PROJECT ABSTRACT – PROJECT 2
SARS-CoV-2 and influenza A viruses are human pathogens with broad geographic range that cause pandemics
and jeopardize human health. While the rapid deployment of vaccines against COVID-19 and annual campaigns
with seasonally-matched inactivated, intramuscularly-delivered influenza vaccines have saved millions of human
lives, it has become increasingly apparent that intramuscularly-delivered vaccines do not effectively induce
mucosal immunity in the respiratory tract, which in theory, could better limit virus infection or transmission at the
portal of entry or egress. Although vaccination of antigen-naïve populations provides benefit against SARS-CoV-
2 infection, the impacts of intramuscular boosting on protection from infection by recent circulating strains has
been less impressive, in part due to the effects of immune imprinting. In Project 2 of this CCHI, we hypothesize
that viral infection in the context of prior recent vaccination induces mucosal immune responses that functionally
differ from those after infection or vaccination alone in the levels and types of cross-neutralizing and Fc effector
functions of antibodies (Abs), and cross-reactive T cell responses. Project 2 will address key knowledge gaps
as to the functional quality of infection- and vaccine-induced systemic and mucosal immunity. To achieve these
goals, we will utilize ongoing human natural history cohorts of infected and vaccinated adults with unique clinical
samples to study how vaccination impacts qualitative and quantitative systemic and mucosal antibody, B and T
cell responses, and Fc effector functions seen after SARS-CoV-2 or IAV infection.
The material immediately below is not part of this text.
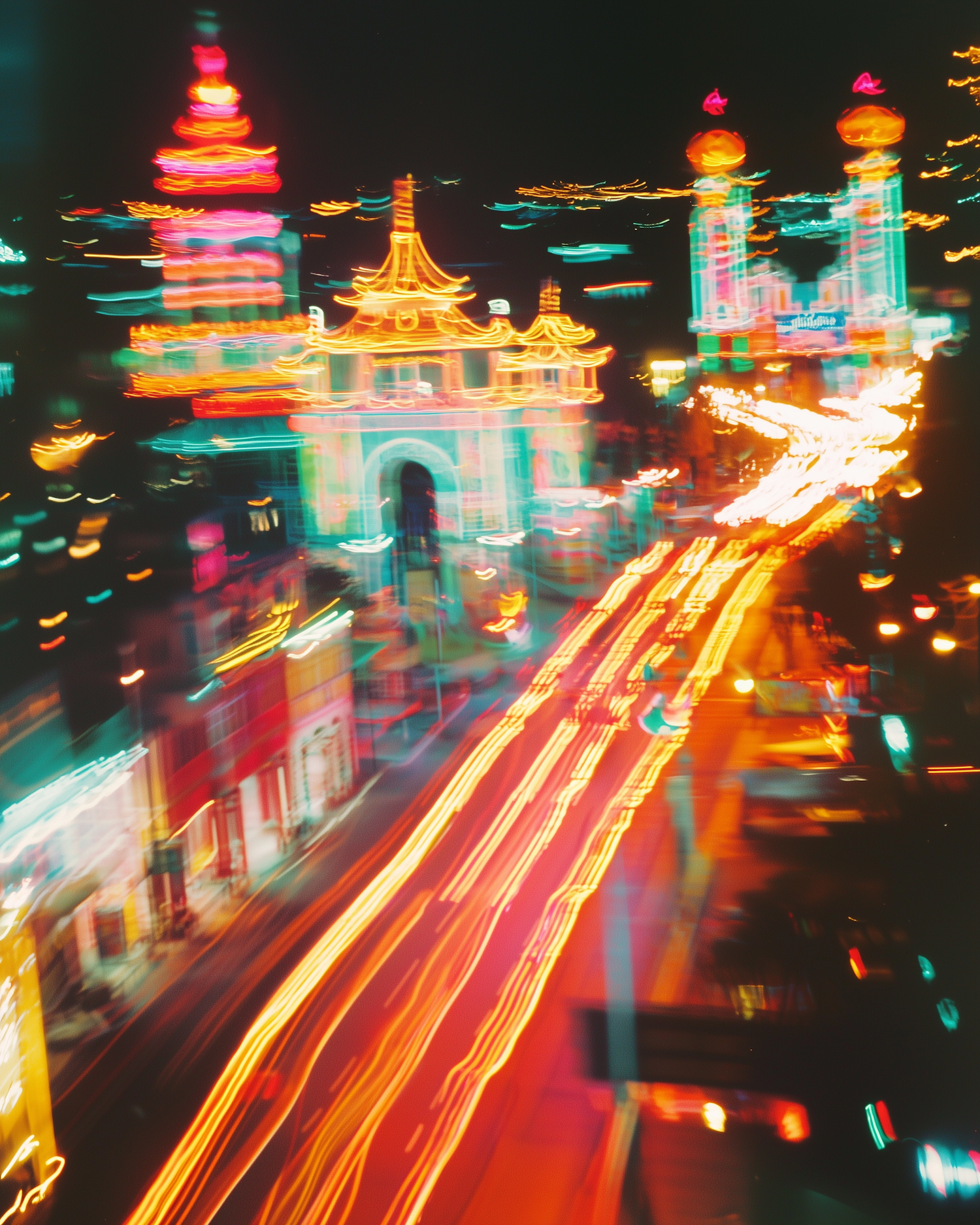 Colorful long-exposure shot of a neon-lit street with traditional Chinese architecture and vibrant light trails at night.
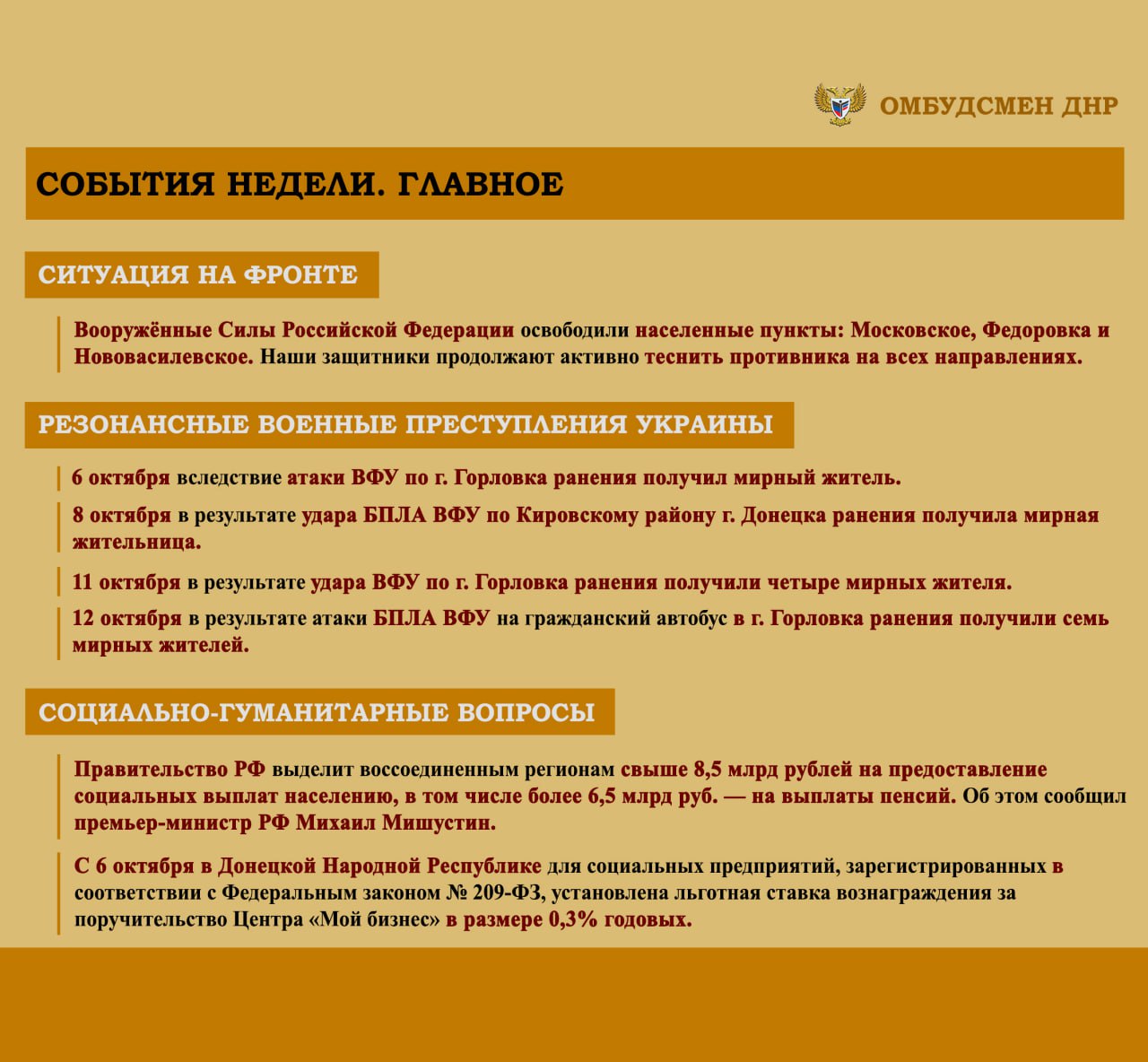 Дарья Морозова: ОБЗОР СОЦИАЛЬНО-ГУМАНИТАРНОЙ СИТУАЦИИ, СЛОЖИВШЕЙСЯ НА ТЕРРИТОРИИ ДОНЕЦКОЙ НАРОДНОЙ РЕСПУБЛИКИ ВСЛЕДСТВИЕ ВОЕННЫХ ДЕЙСТВИЙ В ПЕРИОД С 7 ОКТЯБРЯ ПО 13 ОКТЯБРЯ 2025 г

We also will utilize samples
from a unique influenza A virus human challenge cohort to assess how recent immunization with a quadrivalent
influenza vaccine (Flucelvax®) modulates induction of mucosal immunity and control of infection. Our innovative
studies on SARS-CoV-2 and influenza infection and vaccination will provide new information on human immune
responses and inform evaluation of new mucosal vaccines targeting the human respiratory tract.

## Key facts

- **NIH application ID:** 10824580
- **Project number:** 1U19AI181103-01
- **Recipient organization:** WASHINGTON UNIVERSITY
- **Principal Investigator:** Michael S Diamond
- **Activity code:** U19 (R01, R21, SBIR, etc.)
- **Funding institute:** NIH
- **Fiscal year:** 2024
- **Award amount:** $699,043
- **Award type:** 1
- **Project period:** 2024-09-04 → 2029-06-30

## Primary source

NIH RePORTER: https://reporter.nih.gov/project-details/10824580

## Citation

> US National Institutes of Health, RePORTER application 10824580, Project 2 (1U19AI181103-01). Retrieved via AI Analytics 2026-05-24 from https://api.ai-analytics.org/grant/nih/10824580. Licensed CC0.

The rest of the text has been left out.